Il campanile aveva in origine una funzione strategica, essendo una torre addossata alla fortificazione che si collegava al colle retrostante. Il portale, ricco di ornamenti, colpisce per il movimento ed il fine intreccio delle arcatelle e dei polastrini. Il restauro del 1980 ad opera della Soprintendenza archeologica ha portato alla luce i resti delle due basiliche preesistenti oltre che i resti delle mura greche risalenti al IV secolo a.c.
Realizzata tra il 1787 e il 1789. Successivamente alla costruzione del Lazzaretto, Porta Pia rappresentava un entrata monumentale alla città, lungo la litoranea voluta da Pio VI.
La facciata rivolta verso il mare, in pietra d'Istria, risulta più ricca di quella in bugnato a blocchi di arenaria esposta verso la città. L'opera, realizzata su progetto di Filippo Marchionni, figlio di Carlo Marchionni, si presenta ancora oggi in forme barocche ed ha una spetto imponente che ne esalta il duplice significato simbolico di collegamento e di difesa dell'entrata alla città.
In una posizione strategica e suggestiva, nell'area portuale al di fuori delle vecchie mura della città antica, la Mole Vanvitellina (vecchio Lazzaretto) è oggi sede di iniziative culturali e musicali. Progettata dal celebre Luigi Vanvitelli nella caratteristica forma pentagonale, ha una lunga storia che, dal periodo di progettazione e costruzione (25 aprile 1732 data dell'inizio dei lavori), l'ha vista rappresentare per la città svariate funzioni: zona di sosta per persone e merci che provenivano da zone sospette, ospedale, caserma, magazzino doganale, magazzino dei Tabacchi; nel 1860 fu addirittura al centro della battaglia per la presa di Ancona.
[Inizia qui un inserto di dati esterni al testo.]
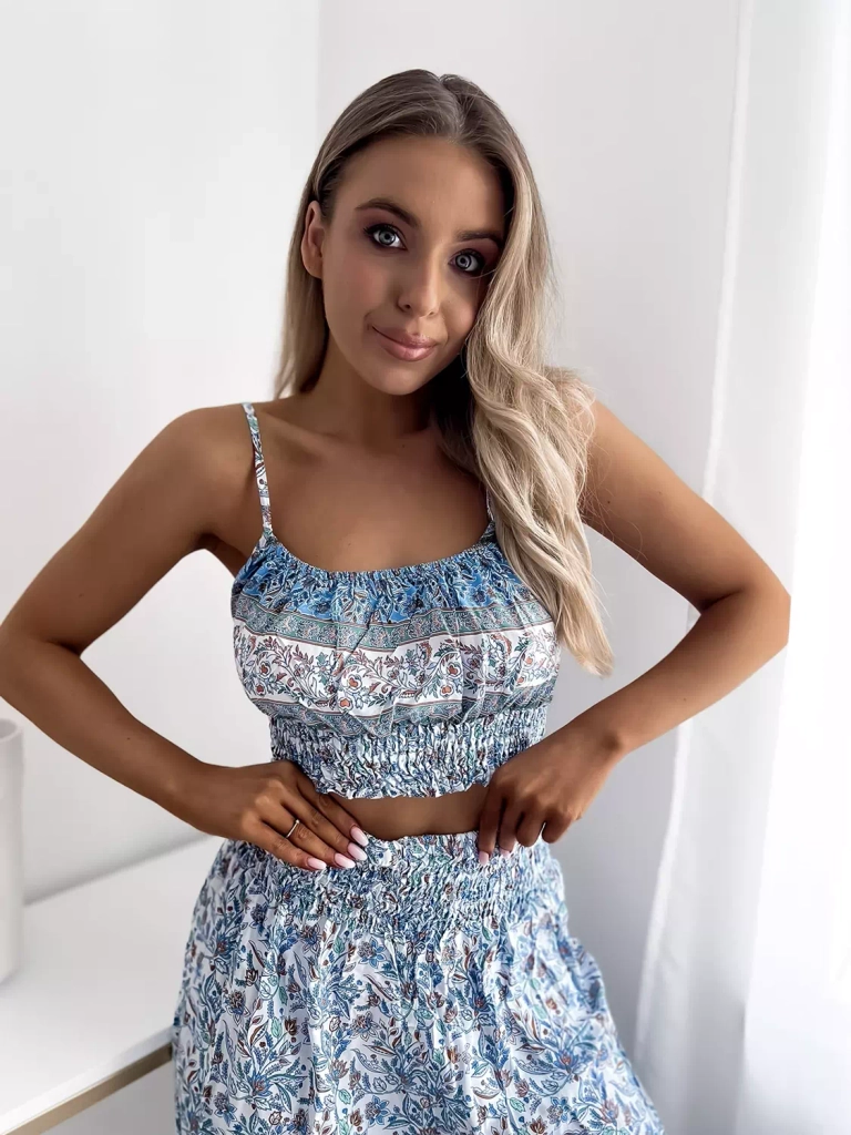- Unique women's set, made of pleasant cotton fabric. The short top has adjustable shoulder straps and an elastic waistband. The fabric pants also have a wide elastic at the waist and at the end of the legs. NOTE: Measurement accuracy (+/-) 1 cm.

Da pochi anni la Mole è stata restaurata in alcuni settori offrendo oggi la possibilità di visitarla anche internamente, di ospitare mostre d'arte e iniziative culturali o di trascorrere una piacevole serata estiva al Lazzaretto Festival o al cinema all'aperto.
Realizzato nel 115 d.c. da Apollodoro di Damasco in onore di Traiano, grande fautore della rinascita del porto di Ancona, in passato era ornato con statue e fregi scomparsi nel corso dei secoli.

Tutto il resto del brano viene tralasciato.